[WHAT THE EXERCISE ASKS]
Below are the records; copy exactly the lines from the first through the one containing "Patère déco avec", both included, and leave out the pictures.

[Stored items]
◆ ◆ ◆ ◆ ◆ ◆ ◆
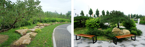 而在道路十字路口的節(jié)點(diǎn)處,則主要是用10cm×10cm的小花崗巖鋪地,鋪出來的路面整潔、平坦,看似簡單,實則對施工技術(shù)要求相當(dāng)高。草坪中的地面鋪裝,則采用花崗巖汀步,用錯縫鋪裝法,兩塊花崗巖之間用草皮鑲嵌,就像給每塊花崗巖鑲了一道綠邊,與旁邊的草坪和諧地融為一體。貫穿整個工程的游憩步道,全部采用“人字形”的鋪裝方法,中間用透水磚、兩邊以花崗巖鑲邊,透水磚價格不高,用以鑲邊的花崗巖是利用了鋪裝中剩余的邊料,雖然用料簡單,但通過對技術(shù)的嚴(yán)格要求,鋪出的路面卻整潔而不失韻味,是一種實用、環(huán)保、節(jié)約的做法。
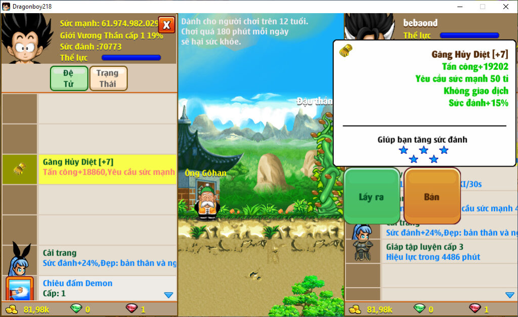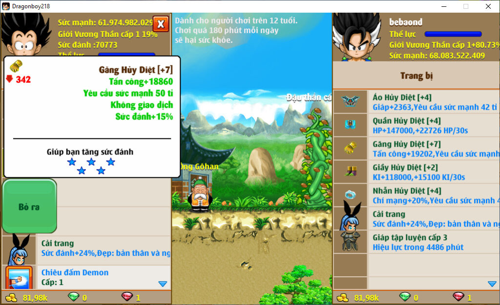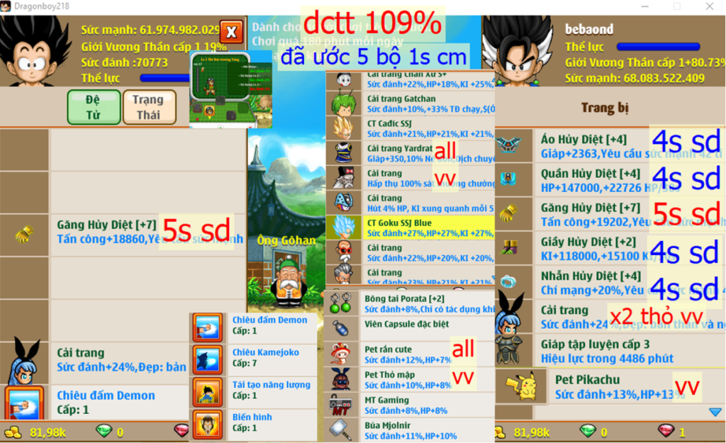 - Ms 4605 (tặng kèm 80 ngọc) – Trái đất 4ti5 dt 482tr, atomic c2, có btai, pet #pikachu, thùng rác, ct goku SSJ3, ct goku, ct apk 13, frost 2, skill 77711034
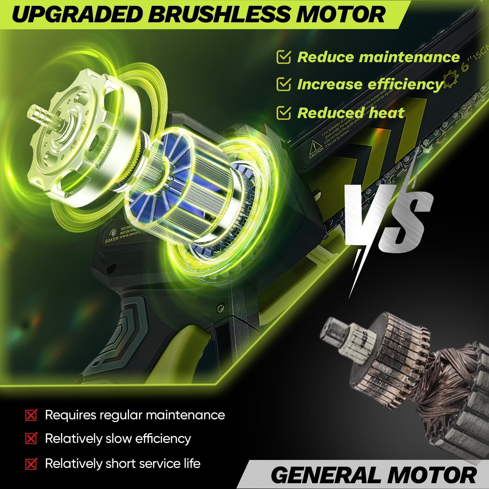 Newly Upgraded Brushless Motor: Equipped with a brushless 400W motor, the Saker pole saw delivers enhanced cutting power with a chain speed of up to 26.25 ft/s (8 m/s). Enjoy a 5 times longer service life, a 30% increase in power output, and a 50% improvement in cutting efficiency. Compared to regular chainsaws with brushed motors, the Saker brushless 6-inch (15.24 cm) long pole saw is more powerful and better suited to your trimming needs.
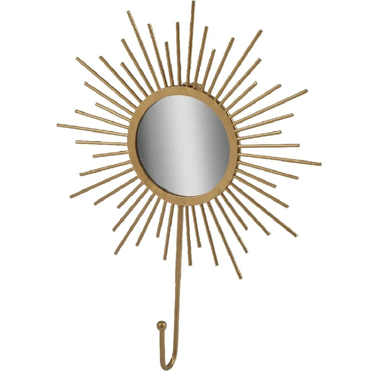 Patère déco avec miroir en forme de soleil. Design en métal doré, idéal pour illuminer la décoration d’une chambre ou d’un couloir.
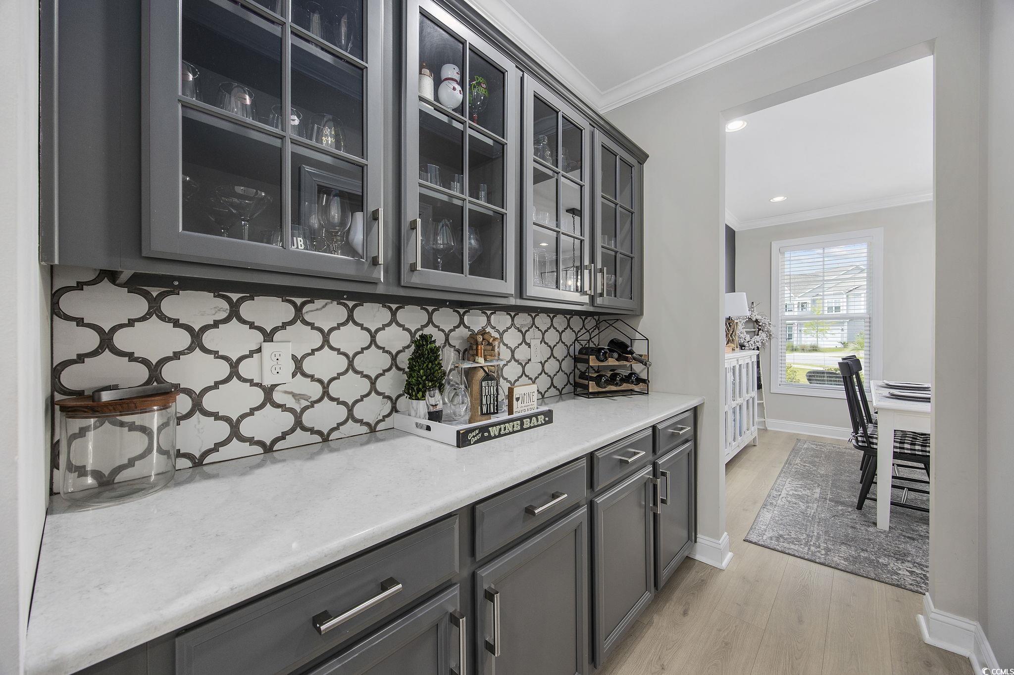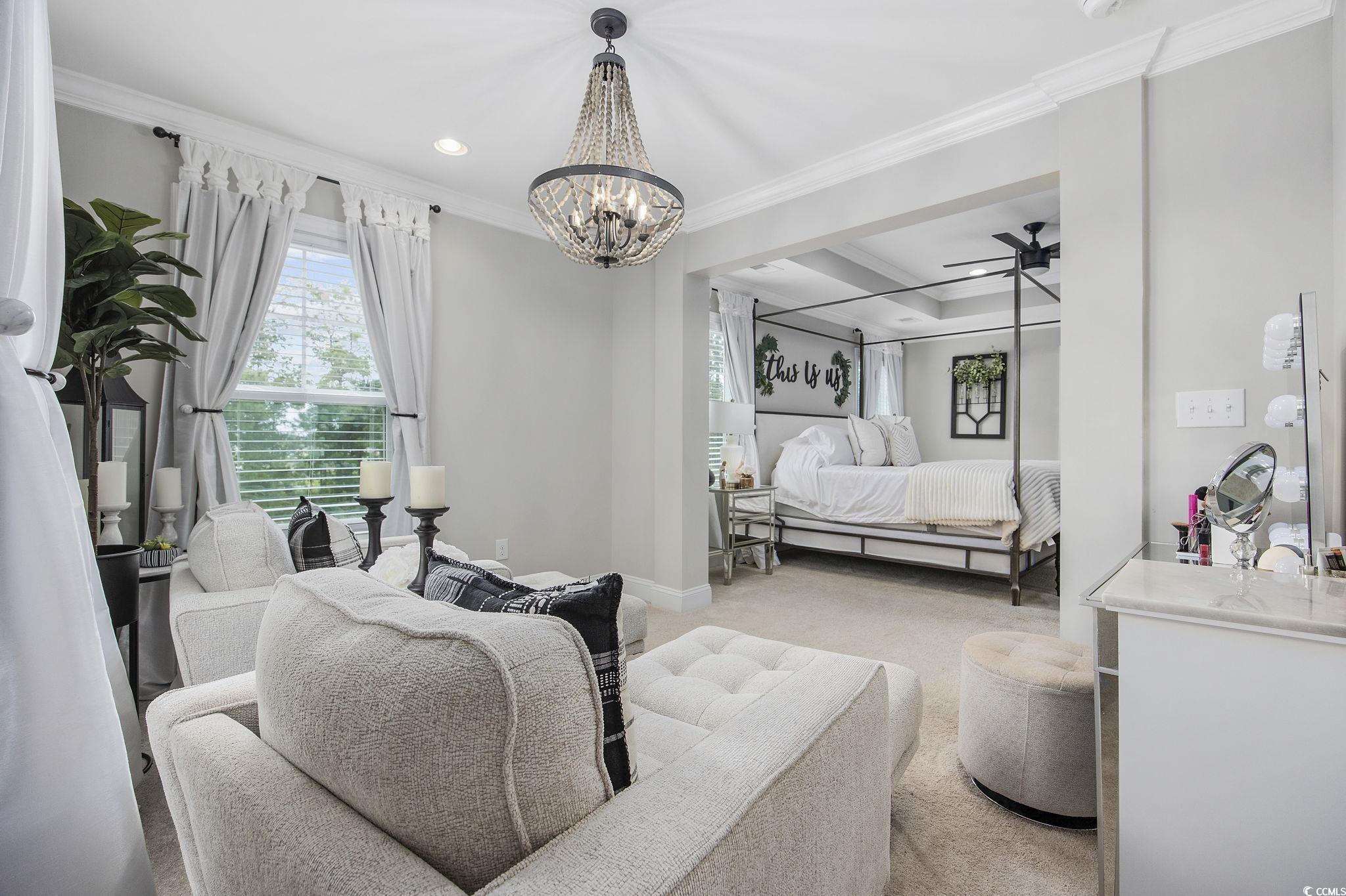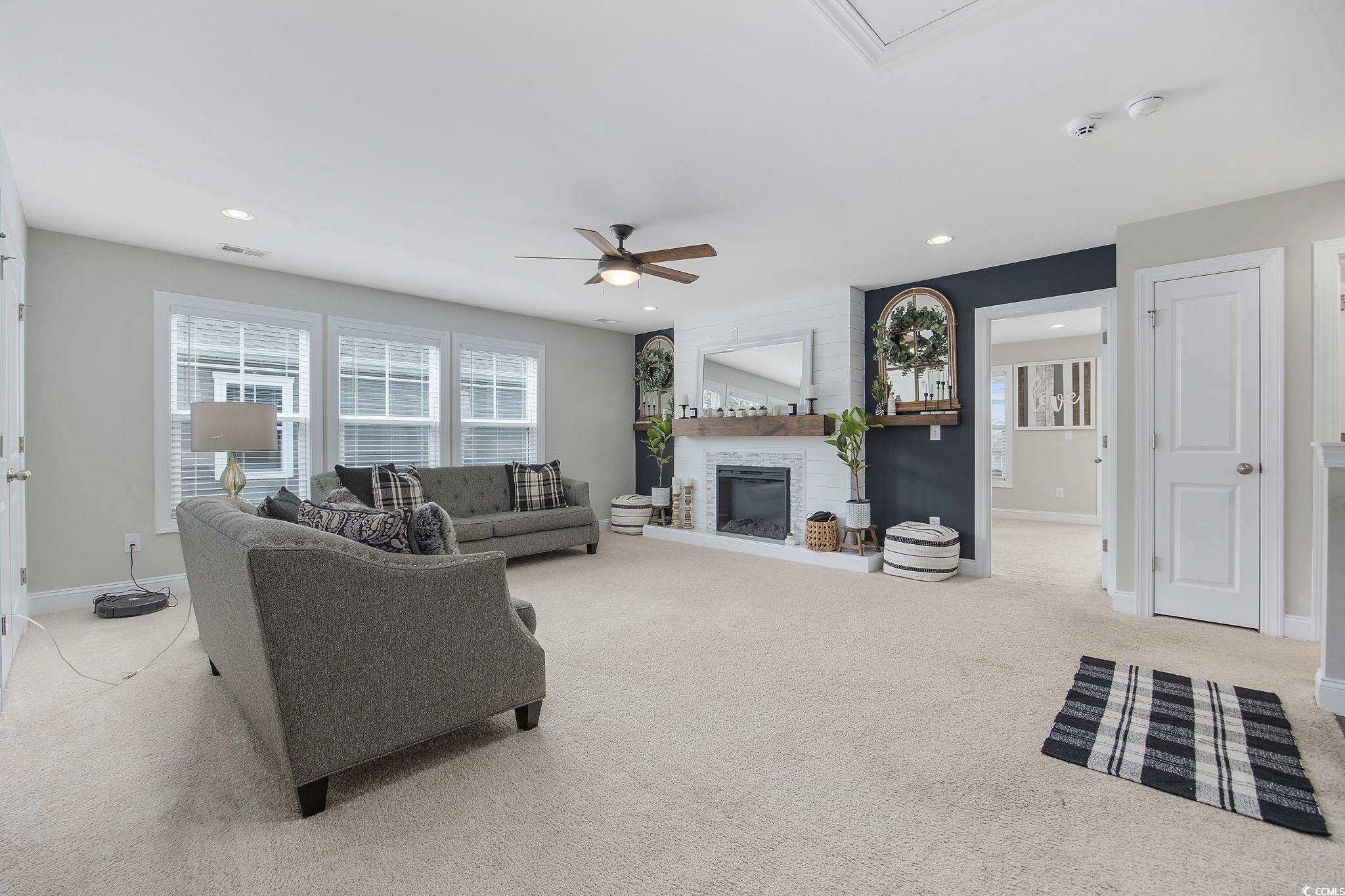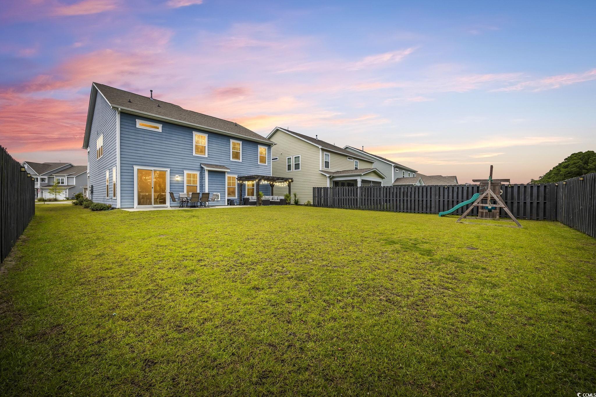 This stunning Charleston-style partially-furnished home with two southern porches is located in The Summit- Meridian near Market Common (Myrtle Beach's Uptown Downtown) and boasts four spacious bedrooms and three full baths. The first-floor main living area features tile-like flooring throughout, custom upgraded lighting, energy efficient tankless hot water heater, security system, Ring doorbell, and living room features a natural gas fireplace.There is also a dining room with French doors (flex room/den/office), butler's panty, huge walk-in pantry, mud room, a private bedroom and full bathroom on the main level. The gourmet kitchen is a chefs delight and the heart of the home overlooking the living and breakfast areas. It features sleek quartz countertops, kitchen island, elegant gray painted cabinets, a stylish backsplash, gas range, double ovens and top-of-the-line Kitchen Aid stainless steel KitchenAid appliances. Upstairs, youll discover a huge loft with a custom electric fireplace the homeowner added. This versatile area is great for movies and play and also features two closets along with a pull-down attic for storage. Two additional bedrooms, a laundry room, and the luxurious primary suite complete the upper level. The primary suite is a true sanctuary with a separate sitting area, a one-of-a-kind closet, and an en suite featuring dual vanities, a tiled spa shower, and a linen closet. Spacious outdoor patio and fenced yard is great for play and more than enough room for a private pool. This home is a perfect blend of style, comfort, and convenience, offering everything you need for modern living. Home is sold partially furnished and furnishings that convey include living room, breakfast area, dining room, and front bedroom upstairs (near the balcony.) You will always have entertainment nearby. Meridian features a large pool, indoor pickleball court, hot tub, fire pit, walking/bike trails, and just a couple of miles to the Atlantic ocean. Market Common features an active lifestyle, endless restaurants with daily specials, Farmer's Market, Culinary Institute, dog park, yoga and dance classes, Billiards and Bowling, Movie Theatre, Wine Tastings, Escape Vault, and Movies under the Stars. Holiday events include fall and spring Taste of Market Common, Holiday Carriage rides, Hometown Halloween, Annual Tree Lighting, and New Year's Eve Ball Drop. There is something for everyone on your list in this fabulous community - Dont miss the opportunity to make this exceptional property yours!
◆ ◆ ◆ ◆ ◆ ◆ ◆
[FINISHED TASK]
 而在道路十字路口的節(jié)點(diǎn)處,則主要是用10cm×10cm的小花崗巖鋪地,鋪出來的路面整潔、平坦,看似簡單,實則對施工技術(shù)要求相當(dāng)高。草坪中的地面鋪裝,則采用花崗巖汀步,用錯縫鋪裝法,兩塊花崗巖之間用草皮鑲嵌,就像給每塊花崗巖鑲了一道綠邊,與旁邊的草坪和諧地融為一體。貫穿整個工程的游憩步道,全部采用“人字形”的鋪裝方法,中間用透水磚、兩邊以花崗巖鑲邊,透水磚價格不高,用以鑲邊的花崗巖是利用了鋪裝中剩余的邊料,雖然用料簡單,但通過對技術(shù)的嚴(yán)格要求,鋪出的路面卻整潔而不失韻味,是一種實用、環(huán)保、節(jié)約的做法。
 - Ms 4605 (tặng kèm 80 ngọc) – Trái đất 4ti5 dt 482tr, atomic c2, có btai, pet #pikachu, thùng rác, ct goku SSJ3, ct goku, ct apk 13, frost 2, skill 77711034
 Newly Upgraded Brushless Motor: Equipped with a brushless 400W motor, the Saker pole saw delivers enhanced cutting power with a chain speed of up to 26.25 ft/s (8 m/s). Enjoy a 5 times longer service life, a 30% increase in power output, and a 50% improvement in cutting efficiency. Compared to regular chainsaws with brushed motors, the Saker brushless 6-inch (15.24 cm) long pole saw is more powerful and better suited to your trimming needs.
 Patère déco avec miroir en forme de soleil. Design en métal doré, idéal pour illuminer la décoration d’une chambre ou d’un couloir.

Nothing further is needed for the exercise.